Command line browser with js support

I'm not aware of an interactive browser with js support but you should have a look at PhantomJS which is defined as:

PhantomJS is a headless WebKit with JavaScript API. It has fast and native support for various web standards: DOM handling, CSS selector, JSON, Canvas, and SVG.

To get the page's content after it's been rendered:

$ phantomjs save_page.js http://example.com > ~/page.html

with save_page.js:

var system = require('system');
var page = require('webpage').create();

page.open(system.args[1], function()
{
    console.log(page.content);
    phantom.exit();
});

An interesting side-project is phantomjs-node which integrates PhantomJS with NodeJS, allowing the former to be used as a NodeJS module.


Edbrowse, an ed-style editor/browser optimized for blind users but appreciated by sysadmins for its scriptability, claims to support javascript based on Mozilla's engine. It's at http://the-brannons.com/edbrowse/.

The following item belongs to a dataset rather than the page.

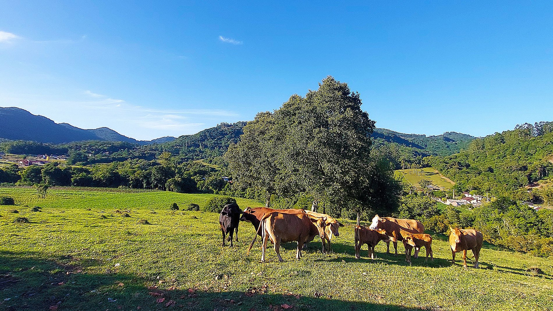 O chalé fica há uns 15minutos de Nova Petrópolis e uns 40min. de Gramado. Valeu muito a pena ficar aqui e se locomover pra lá. Aqui, é bem tranquilo, a paisagem é linda, tem mercado, farmácia, etc.. na cidade.

According to the documentation for elinks, it supports JavaScript. See section 2.6.1 for information on installing SpiderMonkey.

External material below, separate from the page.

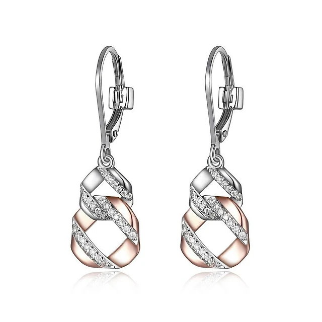 Boucles d'oreilles ELLE en argent sterling plaqué or rose et oxyde de zirconium cubique à 2 tons
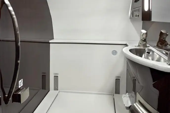 Available onboard amenities include Cabin crew , Entertainment system , Hot meal , Lavatory .

If you are running linux, you can remote control Firefox using Ruby (and presumably other language bindings) with watir-webdriver, then after you have it working you can trick it into running without any display (but still hit the page, uploading downloading or scraping data) using Xvfb,


In case a PNG of the webpage is enough and you don't need the HTML source, you should be able to use webkit-image, a small command line utility that comes with Ubuntu. It's however not exactly a feature rich application, so it doesn't offer much customization, it might however be a good starting point for further hacking and thus maybe even allow getting the processed HTML output relatively easily.